That’s why clinicians and nutritionists at the hypertension clinic at Children’s counsel patients and their families about the effects of sugar as well as where the sugar is found (i.e., the sweet tea that is ubiquitous throughout the South). “Adolescents get about 48% of their sugar from sugar-sweetened beverages,” Feig said, “so it isn’t a function of just telling them not to eat candy.”

“When I see a child in our hypertension clinic with obesity-related hypertension, about a third of the time very high sugar and caloric intake in their beverages, up to 2,000 calories a day, is a major contributing factor,” he said. “Simply eliminating those liquids could make a huge difference in their health.”

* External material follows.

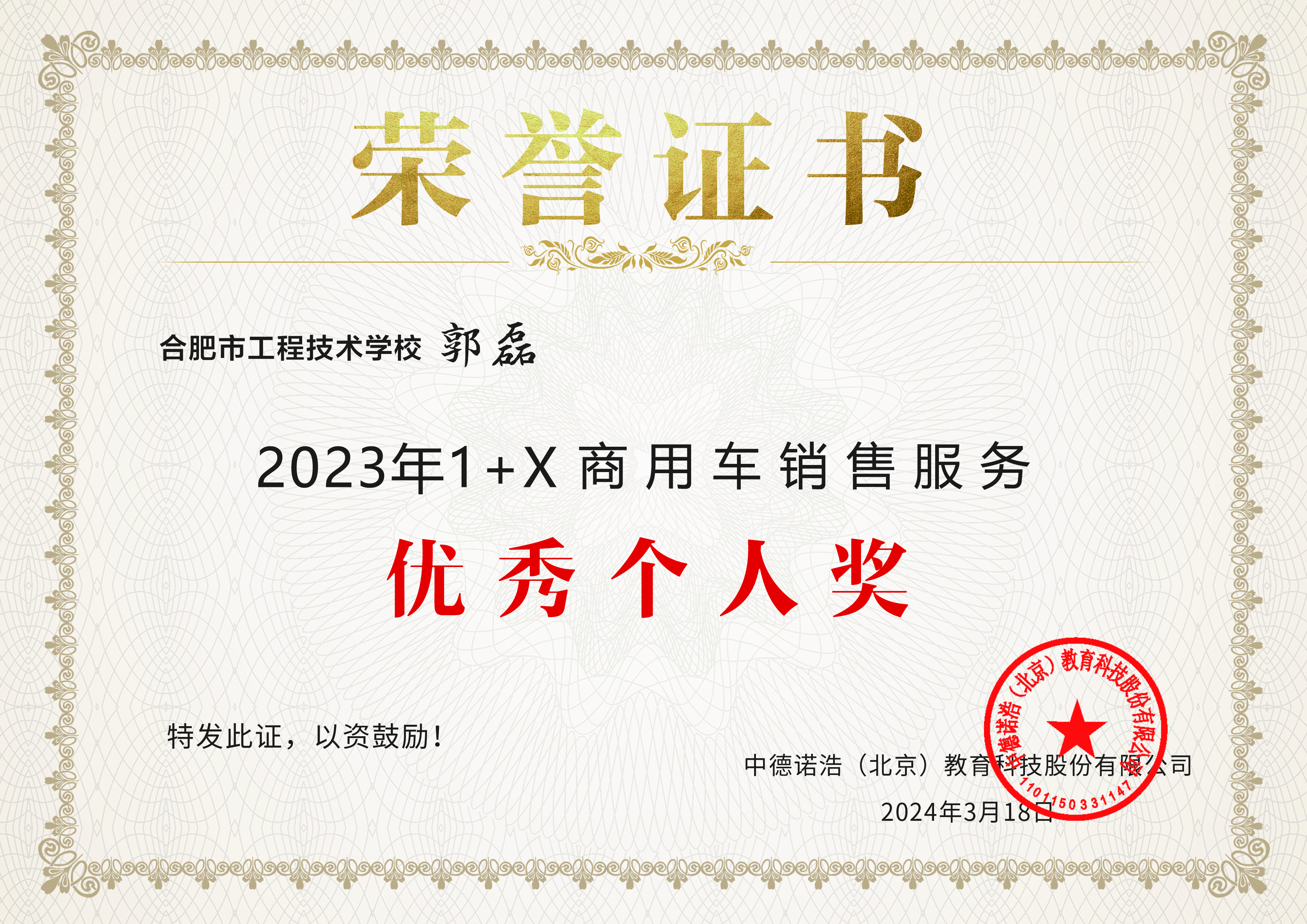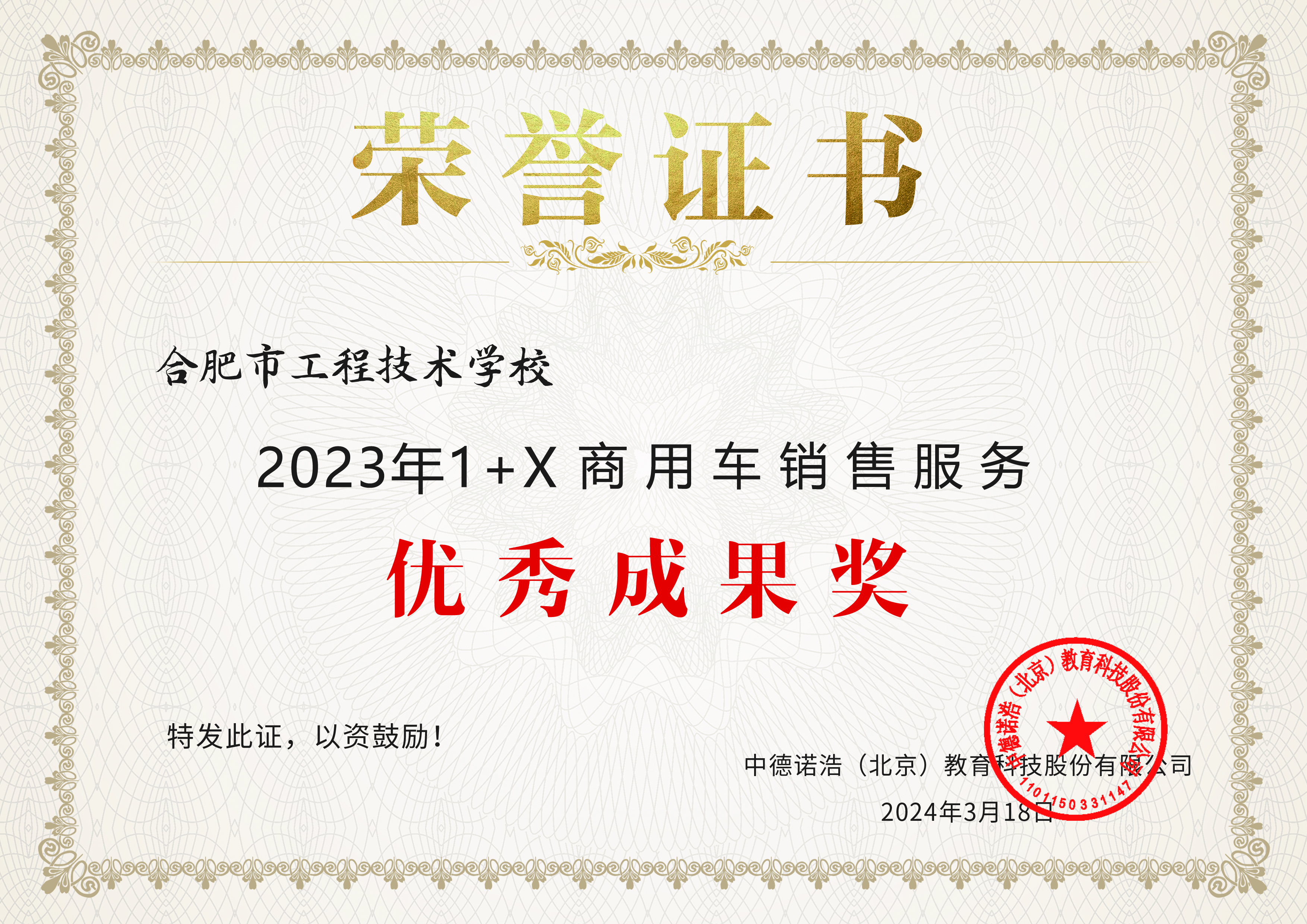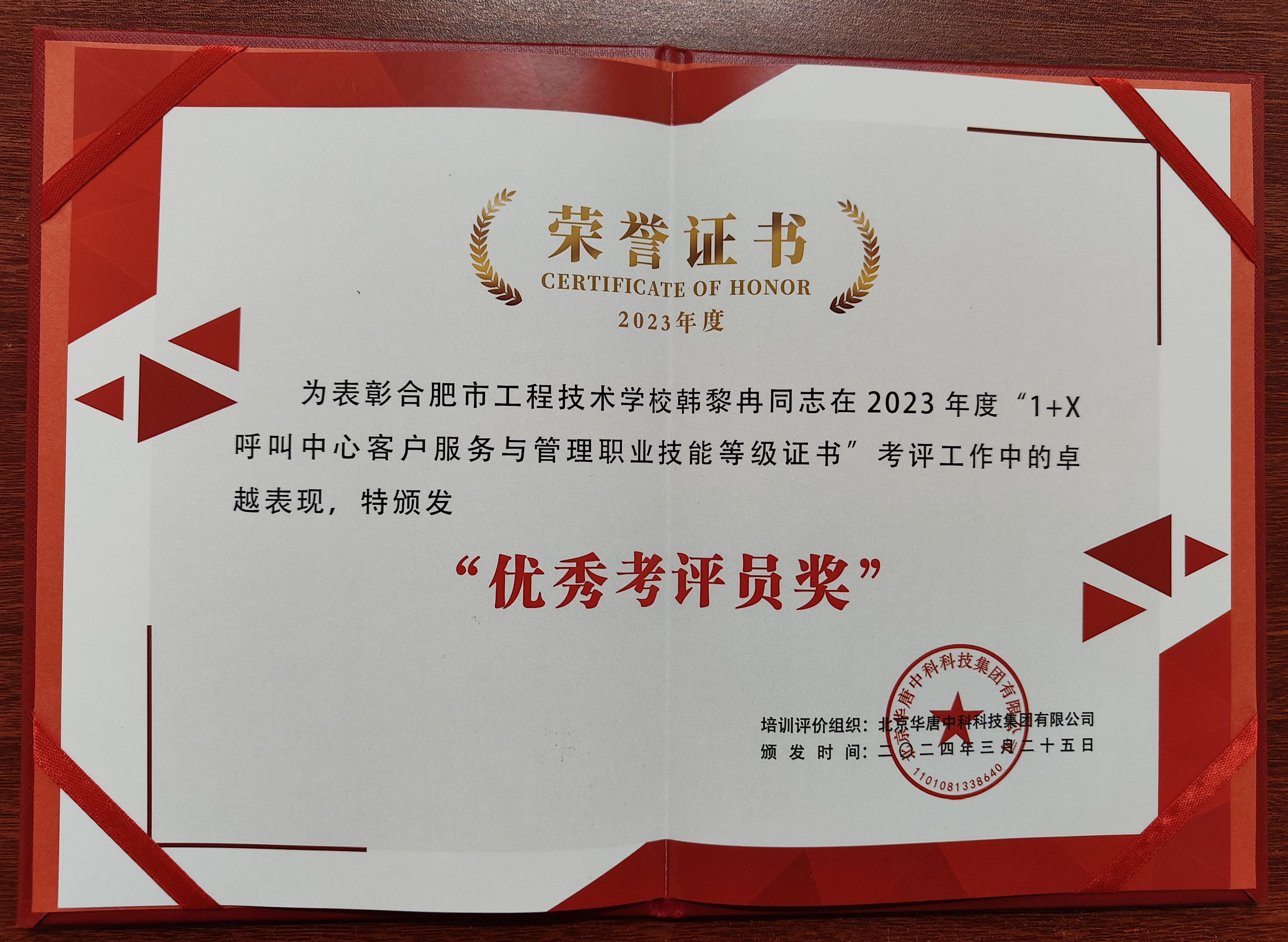 学校被授予“1+X”数字创意建模职业技能等级证书“模范带头院校”,“1+X”呼叫中心客户服务与管理职业技能等级证书“金牌考核站点”,荣获“1+X”商用车销售服务“优秀成果奖”。张华平、韩黎冉、郭磊三位老师分别被授予“优秀指导教师奖”“优秀考评员奖”和“优秀个人奖”。

He cites a recent study that polled new parents about the sugar content of various foods. More than 80% of parents underestimated the sugar content of foods with a “health halo,” like fruit juice and yogurt. “We have an educational deficit in terms of dietary literacy,” he said.

“So a big push in our clinic is helping families learn more about the nutritional content of food.”

Blood Pressure Control

Learn more about the hypertension clinic at Children’s of Alabama.


[1] Department of Health and Human Services. How Much Sugar Do You Eat? You May Be Surprised! https://www.dhhs.nh.gov/dphs/nhp/documents/sugar.pdf.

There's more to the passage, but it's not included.